Ромка пожал плечами.

— Может быть, я сам? Кто знает.

Небо над головой зияло серой чернотой с блеклыми звёздами, как на старых выцветших фотографиях. Тамаре иногда хотелось окунуться в такие фотографии, чтобы заново пережить моменты, которые были на них запечатлены. Жаль, что это было всё же невозможно.

— Ты должна вернуться, — сказал Ромка. — Как угодно, но обязательно вернись с последнего уровня.

— С какого уровня? — не поняла Тамара.

— Того, что ниже. Мне жаль, но… Ты должна идти туда.

Почему-то от его слов стало тревожно.

— Что меня там ждёт? — спросила Тамара.

— Сама увидишь.

— А что ждёт тебя?

— Останусь в твоей памяти.

— Мы с тобой ещё увидимся?

— Не-а. Было бы круто, но… Мне быстро надоест. Так что я пойду дальше. Может быть, перерожусь в твоего нового друга. Позаботься обо мне, ладно?

Протянув руку к её лбу, Ромка несильно щёлкнул её пальцами.

— Пока!

Вытянув к нему руку, Тамара рухнула спиной вперёд, приготовившись к тому, что тело её встретит брусчатка. Но, естественно, ниже её не оказалось.

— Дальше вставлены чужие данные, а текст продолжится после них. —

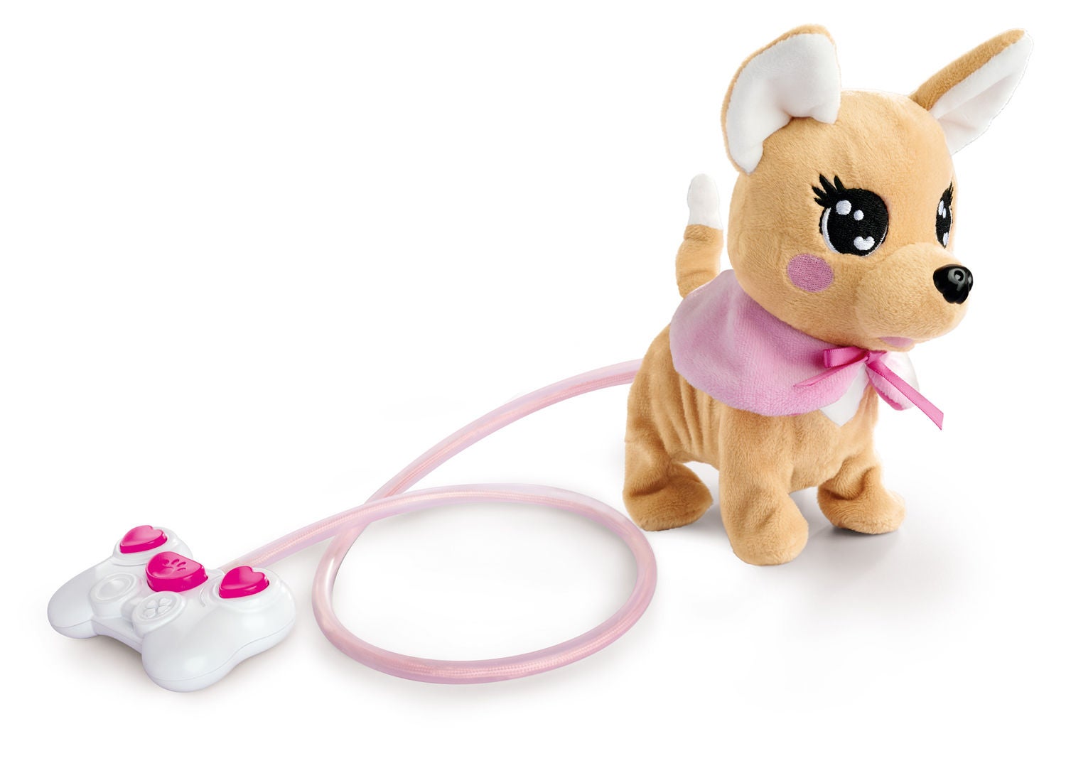 En sød fjernstyret hund fra ChiChi love med lydende snor og håndkontrol. Den søde hund kan udføre forskellige kommandoer, som at gå, gø og logre med halen. Du styrer alt med kontrollen, der er tilsluttet hunden via et kabel. Anbefalet alder: fra 3 år.
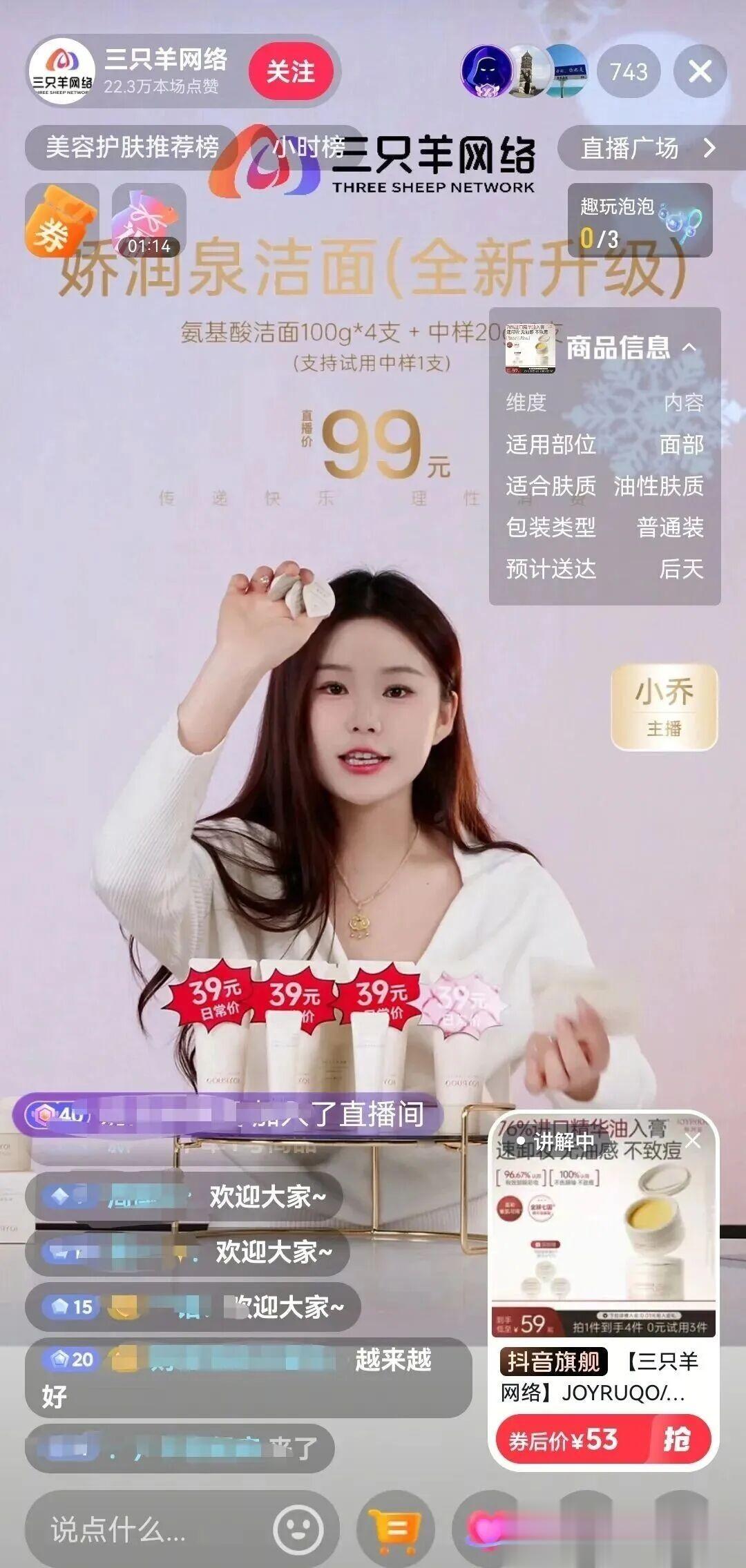 不过,本次开播的直播间,风格明显区别于以前。主播似乎有意摒弃夸张互动的方式,转而聚焦于商品讲解,风格沉稳务实。或许,三只羊想要摆脱“娱乐带货”的标签,重塑专业形象,以此修复信任。
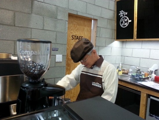참, 설명이 빠질 뻔 했네요. 도서관을 찾은 "어른들"의 코끝을 간지럽히는 커피를 만드는 분들이 있습니다. 오산의 노인 일자리센터에서 교육을 받은 어르신들이 커피를 내려주시는데요. 개관식 준비에 여념이 없었습니다.

Она летела дольше обычного, пока не оказалась в бабушкиной квартире. Мебель вернулась на свои места, всё было, как прежде, даже пахло бабушкой — и Тамару сразу же окутало спокойное и тёплое ощущение уюта и надёжности. Всё хорошо, пока она здесь.

— Ну, Тамарище, ты даёшь… — вздохнула бабушка, кладя ей сухую руку на плечо. — Далеко забралась…

Тамара наклонила голову, прислонившись щекой к бабушкиной руке.

— Ну-ну, ты чего, Тамарочка, — улыбнулась бабушка, на добром лице которой тоже не было никакой маски. — Совсем, что ли, разнюнилась?..

— Да, — честно призналась Тамара. — Прости маму с папой, они продали твою квартиру.

Бабушка вздохнула.

— Он ведь правильно сказал: нам уже всё равно.

— Кто?

— Ромка-то. Друг твой сердешный.

— Он вовсе не…

— Ай, рассказывай, — бабушка махнула рукой, пройдя вперёд. Присев на колени перед Тамарой, она поглядела ей в глаза, и Тамаре тут же захотелось её обнять, как в былые времена.

— Ну как, делала ты мои упражнения?

— Делала, — кивнула Тамара. — Ещё как! Только вот…

Она попробовала пошевелить ногами, но они всё ещё были в бинтах: тяжёлых, грузных, неповоротливых. Что же это были за бинты такие?

— Эк тебя замотали… — покачала головой бабушка.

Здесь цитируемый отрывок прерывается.